Unmoved in his posture Gangui, waited a long moment before responding. Without his moustache to hide his expressions, the look of annoyance was revealed in his face, “Bodyguard and Champion. Also, there are no slaves in Etzos. Only the Immortals have slaves!” He was dead serious.

Robin laughed, an easy sound, all summer winds and bumbling brooks. “I didn’t know the Immortals had slaves,” his smile warmed.

“Any man who serves an Immortal or their states are slaves, even if they do not know it,” Gangui quickly responded.

“Point, I guess, for you,” Robin replied, his eyes finding themselves on the turkey icon. “And that?” he pointed with his chin, “She didn’t say anything about a turkey. Your mascot?”

The mercenary sighed, easing the tension in his shoulders a little, “It is the insignia of my newly formed company. Zippom--”

“So we’re sticking with that, right? Zipper’s dead and Zippomaria forever?” The man with the patchwork clothes grinned. His honeyed eyes glinted with sweetness and trouble.

Gangui looked up remembering something. He shifted in his seat, “No, no, we best call her Zipper, she does not like her birth name. It won’t be good for battle should we need to take a stand during our mission,”

The barbarian had never seen such sparkly eyes, such jeweled marbles full of life. He wandered if the little-guy had ever fought battles or suffered the trials and tribulations of living in the wilds. He guessed not, for any apprentice to Zipper was surely of the same noble origins.

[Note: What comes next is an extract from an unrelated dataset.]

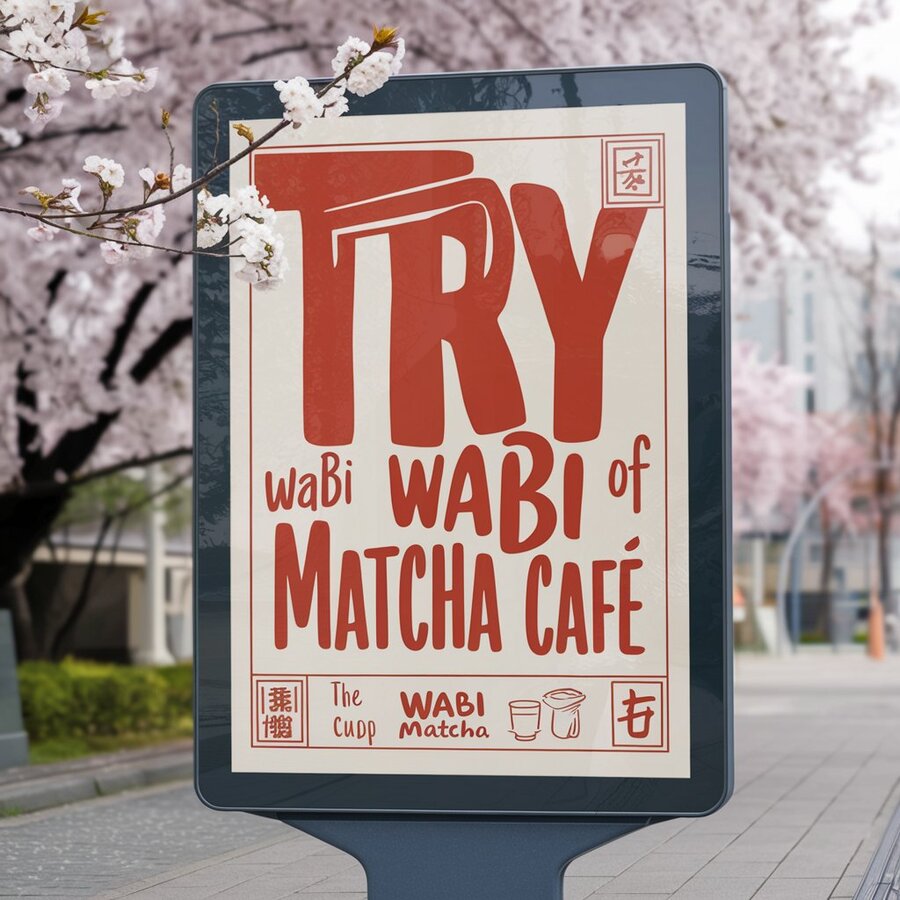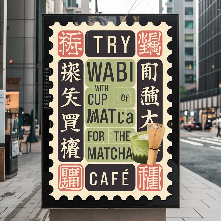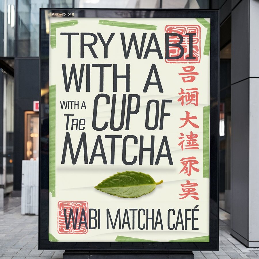 promt: mockup of urban poster with the inscription: try WABI with cup of matcha for the WABI matcha cafe in the style of Japanese red stamps hanko

“What is our mission? I am eager to get started,” Gangui didn’t want to talk about the turkey anymore, nor Zipper’s preferences of names. Though, he had yet to hear of the euphemism: you catch more flies with honey. The warrior’s piercing eyes pressed down on the lad, slightly trembling and demanding quick answers. His gauntleted fist closed down tighter on the hilt.

The brown-haired man yawned and stretched. “I dunno why we’re here. She told me to wait for you and I did.” Robin offered Gangui a wider smile still, white teeth and pink gums. “We must wait for the most honorable Lady Zippomaria. She is our captain, sir,” His tone was crisp and clear, but his lips curved into a smirk.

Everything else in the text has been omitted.